We can invert things: given a prime $p$ and a target exponent $k,$ the largest $\delta$ that will assign the exponent $k$ to the prime $p$ is
$$ \delta = \frac{\log \left( \frac{k+1}{k} \right)}{\log p} $$
So, you see, it is possible to generate S.H.C. numbers on your own, and prescribe one of the exponents as you see fit. Note that the exact value, which will cause numerical problems, is not necessary; my preference is to take $\delta$ a rational number with
$$ \frac{\log \left( \frac{k+1}{k} \right)}{\log p} > \delta > \frac{\log \left( \frac{k+2}{k+1} \right)}{\log p}, $$ which still gives the correct $k.$
I wanted the exponent of $2$ to be a prime minus $1,$ but the exponent of $3$ to be smaller than the previous prime minus $1;$ you can see how I did that now.
Edit: factoring; the ratio of consecutive S.H.C. numbers is a single, very small, prime. If you have factored one of these, you can factor the next one by taking the ratio, and just correcting the appropriate exponent by $1.$ Often, the exponent increased is for a new prime, exponent bumped from $0$ to $1.$ Anyway, you can keep doing this to factor all of them that anyone has listed, such as http://oeis.org/A002201 and text list here http://oeis.org/A002201/b002201.txt Oh, not by the way, the increased exponent found by ratio tells you what $\delta$ can be for the larger S.H.C. number.
Best Answer
If the prime factorization of $N$ is $\prod_i p_i^{\alpha_i}$ where the $p_i$s are all different, then the total number of divisors is $\prod_i (\alpha_i+1)$, and the number of proper divisors is 1 less than that.

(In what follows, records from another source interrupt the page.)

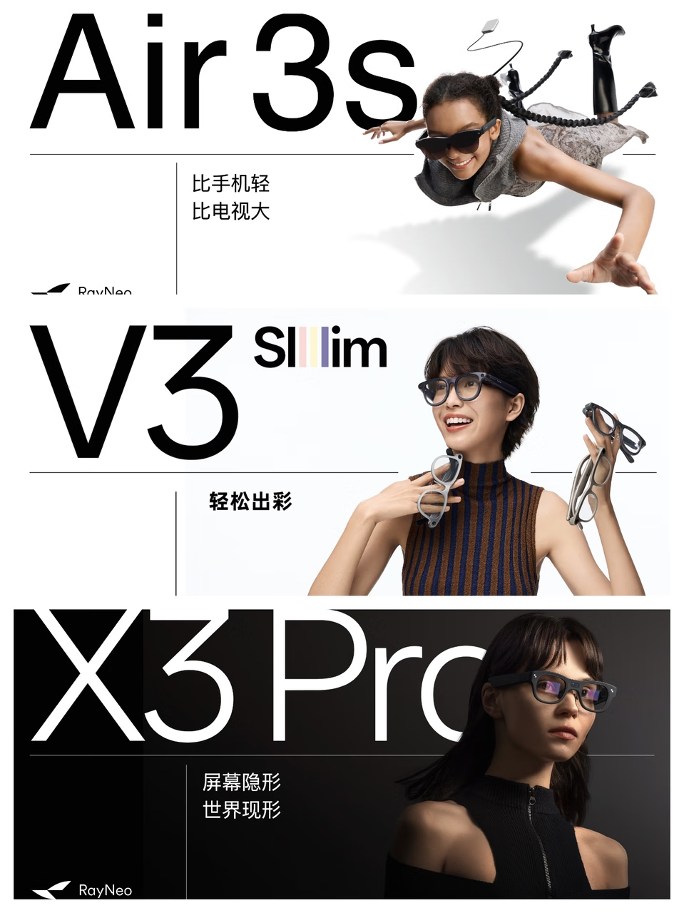 如今的雷鸟,已经形成完备的产品矩阵。从定位下一代智能终端的 X3 Pro,到大众娱乐场景的 Air 系列,再到智能拍摄的V3系列,无论是科技极客对 “个人智能终端” 的需求,还是普通消费者对 “口袋 3D 巨幕” 的期待,雷鸟都凭借自身的技术优势,和精准的用户洞察,在消费级AR眼镜市场交出了“全球第一”的答卷。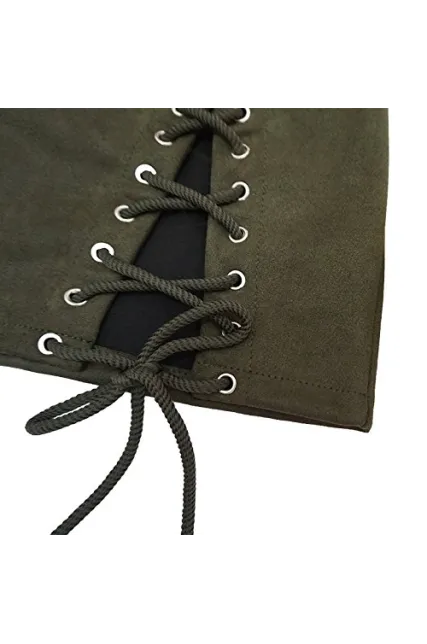 - Double Criss-Cross Lacing Up Split Side,High Waist Bodycon Faux Suede Mini Pencil Skirt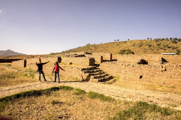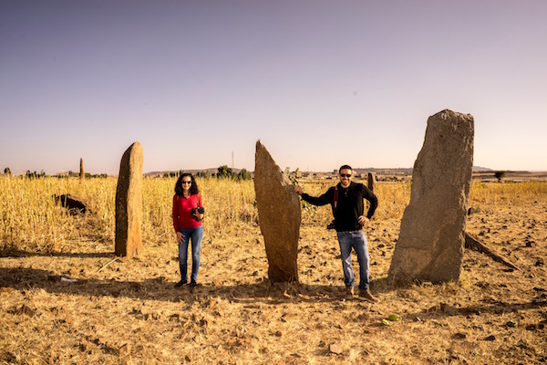 Comenzamos visitando el Campo Norte de Estelas donde se encuentra la Tumba de la Puerta Falsa, el Mausoleo, La Gran Estela, la Tumba de Nefas Mawcha, la Estela del Rey Ezana, la Estela de Roma, el Museo Arqueológico, la Iglesia de Enda Iyasus, la Tumba de los Arcos de Ladrillo, la Estela Única con el consuelo de Casa.
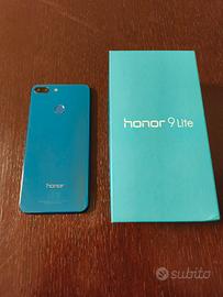 Honor 9 Lite in colorazione azzurra. Il retro del cellulare è leggermente sollevato ma funzionante. Caricatore non incluso.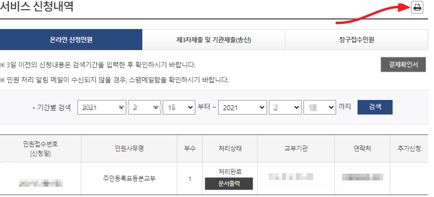 주민등록등본 인터넷발급 마무리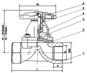 部件列表:1.閥體 2.隔膜 3.閥瓣 4.閥桿 5.閥蓋 6、手輪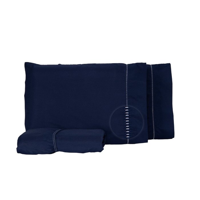Jogo de Lençol Solteiro 2 Peças Micropercal 400 Fios Liso:azul-marinho
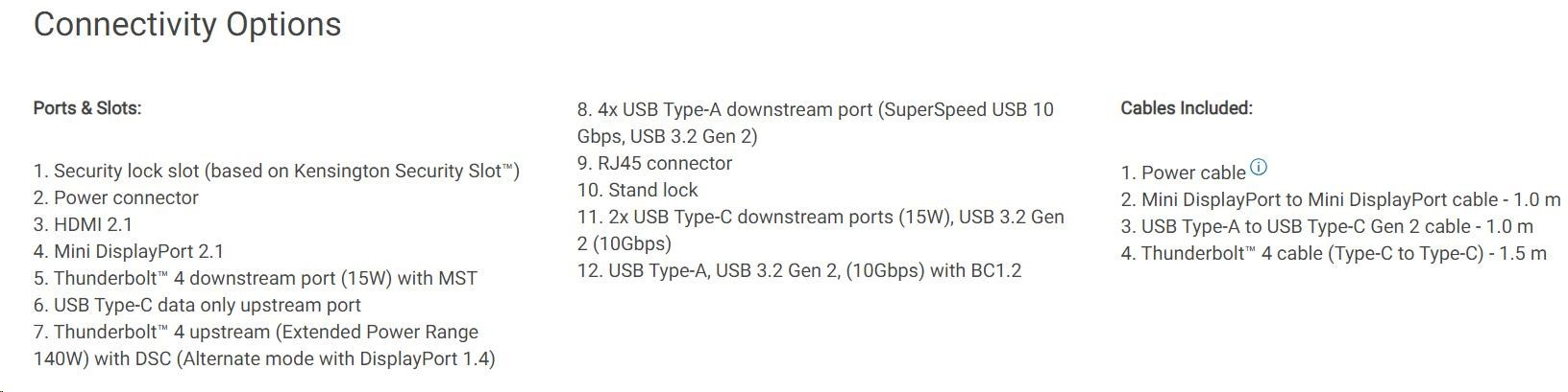 Použití:Profesionální; Rozlišení displeje:nespecifikováno; Úhlopříčka displeje ("):32; Výbava:VESA montáž, Pivot, Nastavitelná výška, Webkamera; HDMI počet:1; HDMI verze:2.0; DP počet:1; DP verze:2.0; USB počet:5; Thunderbolt počet:2; Thunderbolt verze:4; Doba odezvy (ms):8; Formát obrazovky:16:9; Typ panelu:IPS; Jas (cd/m2):450; Kontrast:1:2000.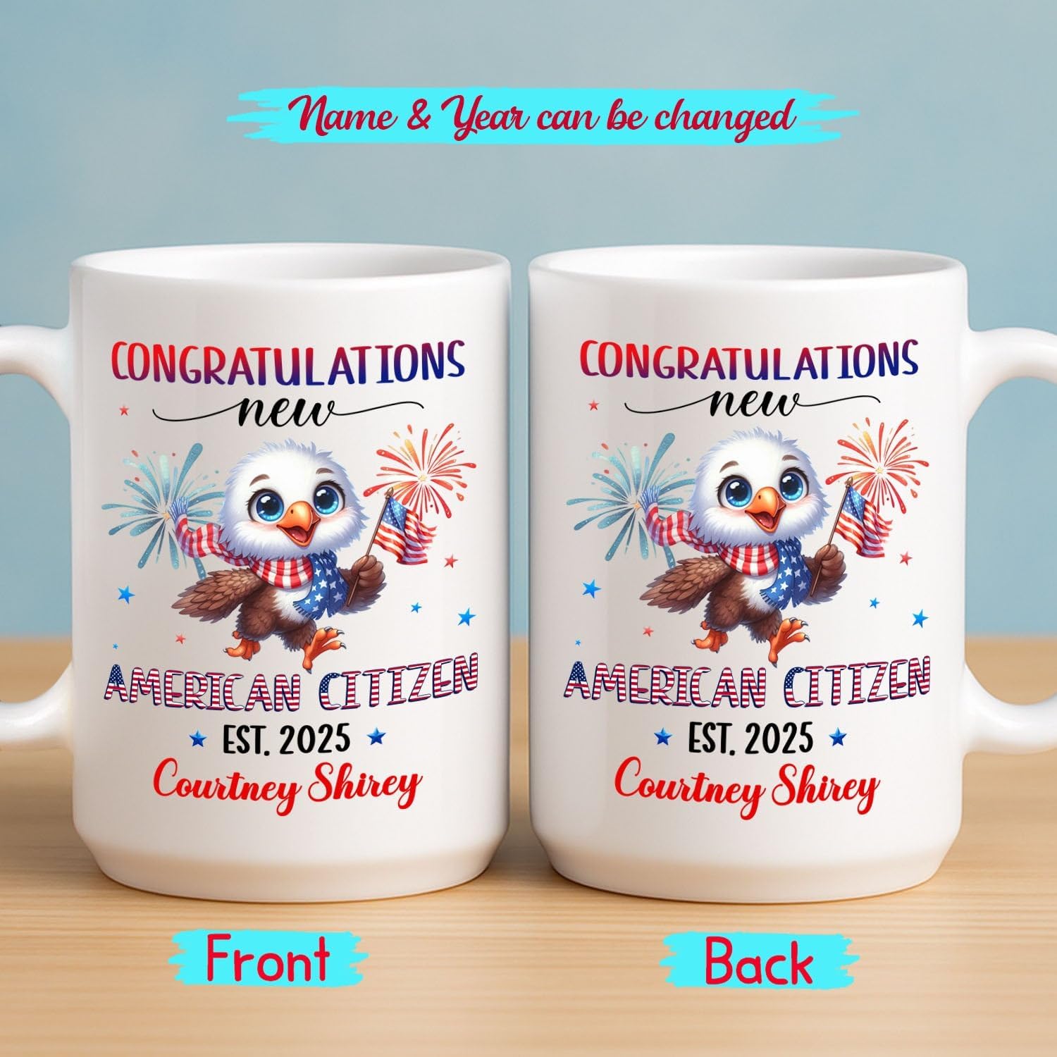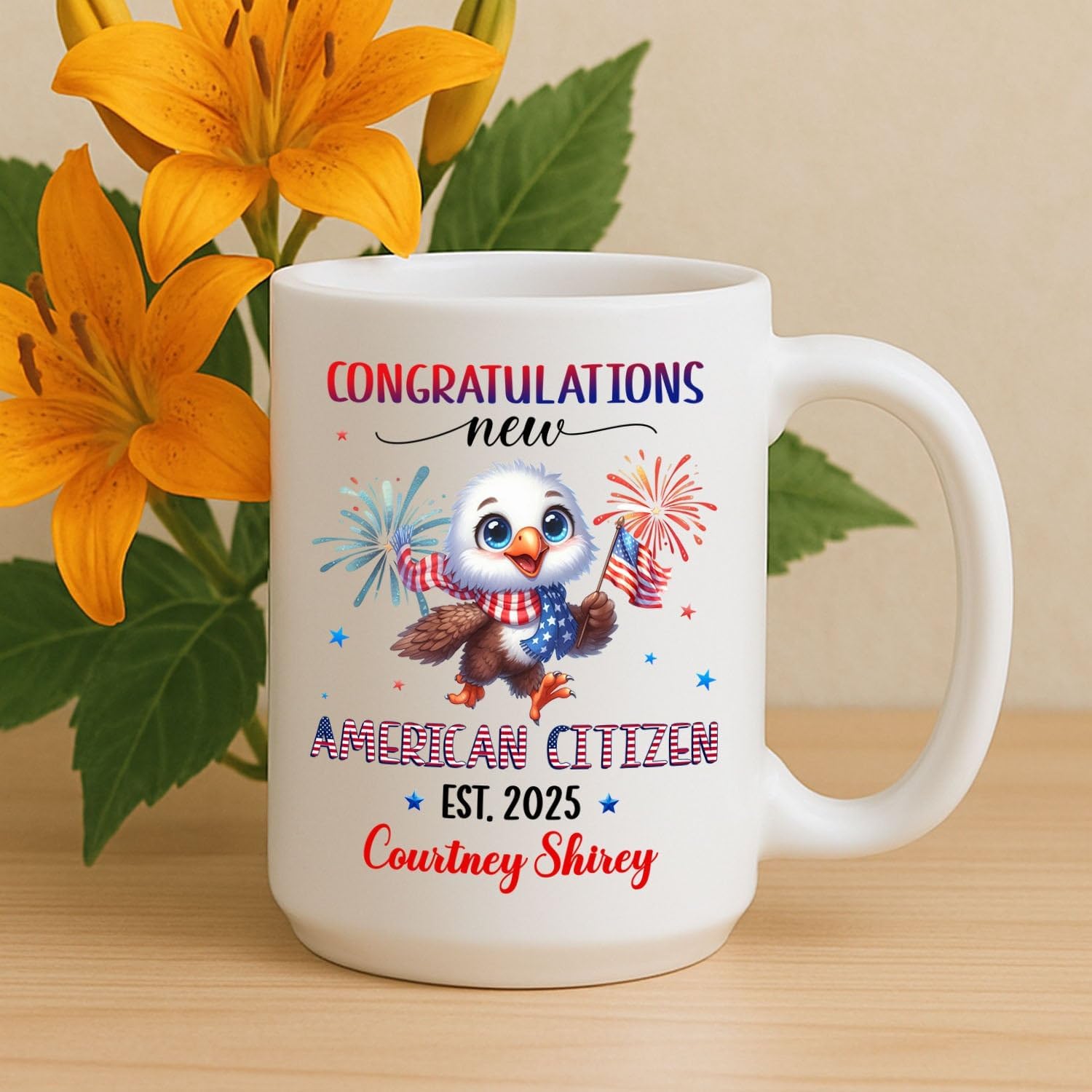 - ✨ DURABLE MATERIAL: This Congratulations New American Citizen white mug is crafted from premium ceramic with a glossy white finish, offering both durability and style. Its solid construction and high-quality feel make it a reliable choice for daily use or thoughtful gifting.

So it is trivial to manufacture a number with any desired number of proper divisors -- nothing forces it to be prime.
The hardest number of proper divisors to reach is seen to be ones that are a prime minus one; they can only be reached by having the original number be a prime power.
It is dangerous to try to conclude anything from a table that goes op to 20 only; unusually many among these first numbers are prime, and you're not going far enough to reach a high power of anything.